Securing DSE Search services

The security table summarizes the security features of DSE Search/Solr and other integrated components. DSE Search data is completely or partially secured by using these DataStax Enterprise security features:

  • Object permission management

    Access to Solr documents, excluding cached data, can be limited to users who have been granted access permissions. Permission management also secures tables used to store Solr data.

  • Transparent data encryption

    Data at rest in Cassandra tables, excluding cached and Solr-indexed data, can be encrypted. Encryption occurs on the Cassandra side and impacts performance slightly.

  • Client-to-node encryption

    You can encrypt HTTP access to Solr data and internal, node-to-node Solr communication using SSL. Enable SSL node-to-node encryption on the Solr node by setting encryption options in the dse.yaml file as described in Client-to-node encryption.

  • Kerberos authentication

    You can authenticate DSE Search users through Kerberos authentication using Simple and Protected GSSAPI Negotiation Mechanism (SPNEGO).

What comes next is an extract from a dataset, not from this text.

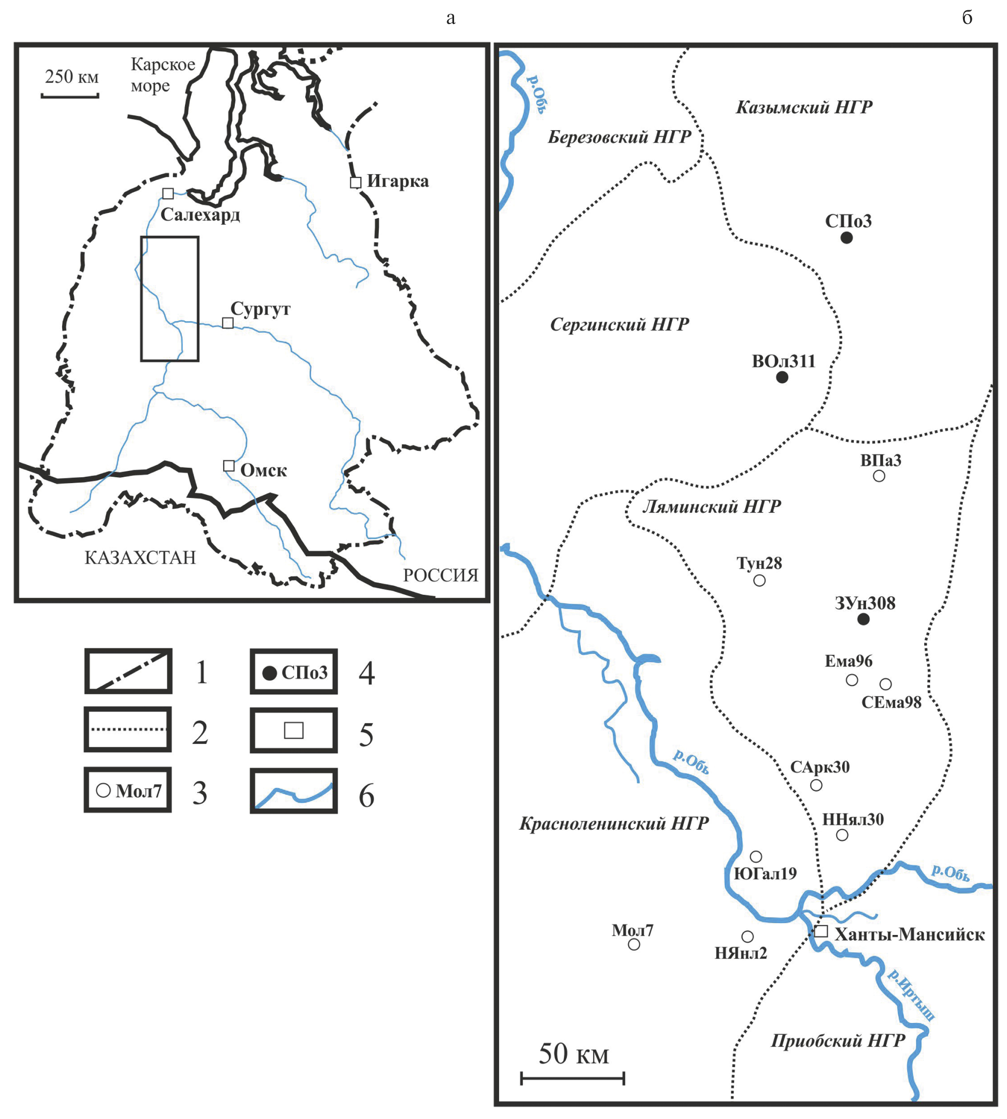 1 — граница Западно-Сибирской плиты, 2 — границы нефтегазовых районов (НГР), 3 — скважины, вскрывающие отложения без обломочного монацита (Тун28 — Тункорская 28, ВПа3 — Восточно-Панлорская 3, Ема96 — Емангальская 96, СЕма98 — Средне-Емангальская 98, САрк30 — Северо-Аркановская 30, ННял30 — Ново-Нялинская 30, ЮГал19 — Южно-Галяновская 19, НЯнл2 — Нижне-Янлотская 2, Мол7 — Молодежная 7), 4 — скважины, вскрывающие отложения с обломочным монацитом (СПо3 — Средне-Помутская 3, ЗУн308 — Западно-Унлорская 308, ВОл311 — Восточно-Ольховская 311), 5 — города, 6 — реки.

To use the SolrJ API against DSE Search clusters with Kerberos authentication, client applications should use the SolrJ-Auth library and the DataStax Enterprise SolrJ component as described in the solrj-auth-README.md file.

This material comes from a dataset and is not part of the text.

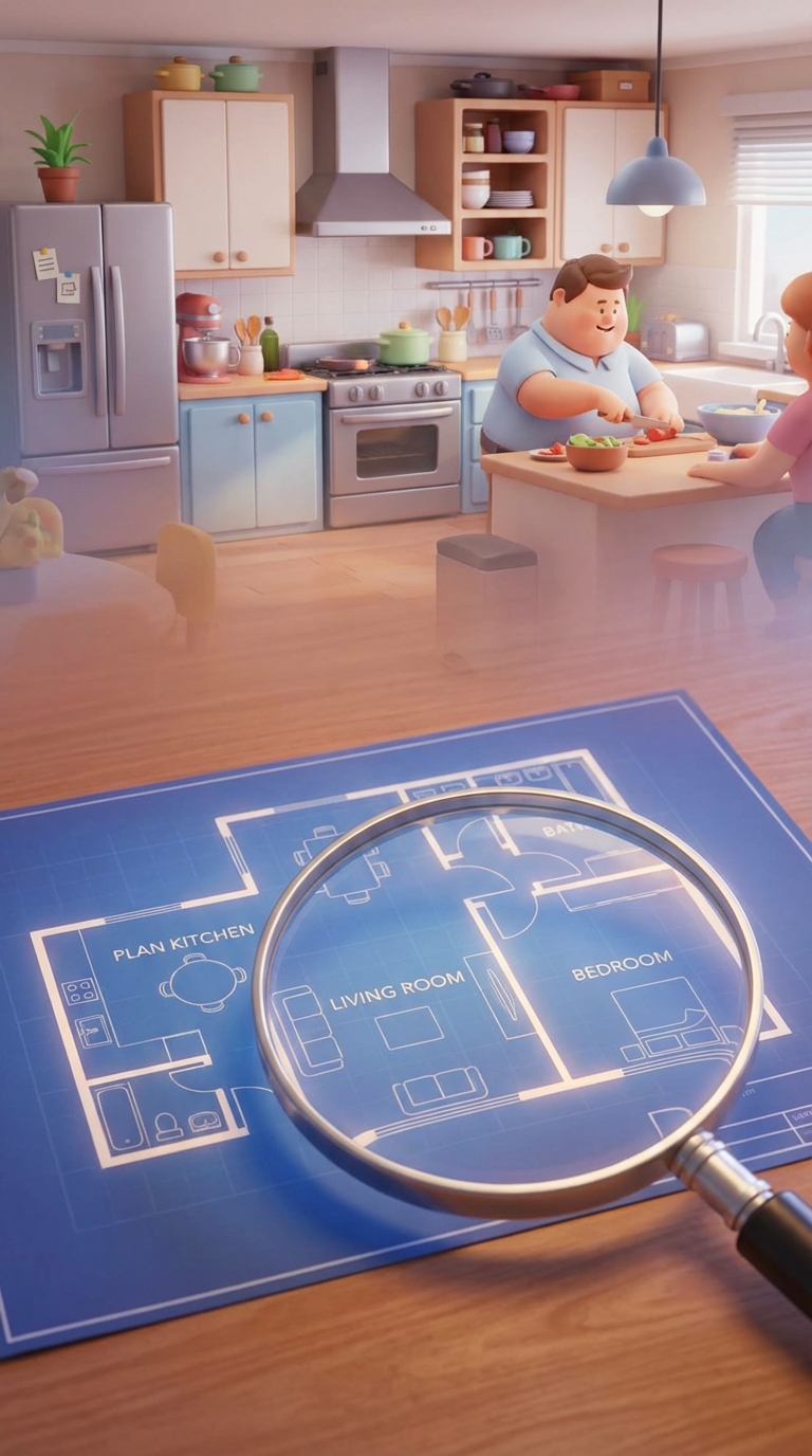Strong rule: style --- 3D Pixar ---. Крупный план плана квартиры, фон меняется на современную кухню. Фокус остается на тексте. Анимированный фон в стиле 3D Pixar.

You can also use HTTP Basic Authentication, but this is not recommended.

Configuring HTTP Basic Authentication for Solr

When you enable Cassandra's internal authentication by specifying authenticator: com.datastax.bdp.cassandra.auth.PasswordAuthenticator in cassandra.yaml, clients must use HTTP Basic Authentication to provide credentials to Solr services. Due to the stateless nature of HTTP Basic Authentication, this can have a significant performance impact as the authentication process must be executed on each HTTP request. For this reason, DataStax does not recommend using internal authentication on DSE Search clusters in production. To secure DSE Search in production, enable DataStax Enterprise Kerberos authentication.

To configure DSE Search to use Cassandra's internal authentication, follow this configuration procedure:

To configure password authentication for accessing DSE Search/Solr data:

  1. Uncomment the PasswordAuthenticator in cassandra.yaml to enable HTTP Basic authentication for Solr.

    #authentication backend, implementing IAuthenticator; used to identify users
    #authenticator: org.apache.cassandra.auth.AllowAllAuthenticator
    authenticator: com.datastax.bdp.cassandra.auth.PasswordAuthenticator
    #authenticator: com.datastax.bdp.cassandra.auth.KerberosAuthenticator
    
  2. Configure the replication strategy for the dse_auth keyspace.

  3. Start the server.

  4. Open a browser, and go to the service web page, for example http://localhost:8983/demos/wikipedia/.

    The browser asks you for a Cassandra username and password.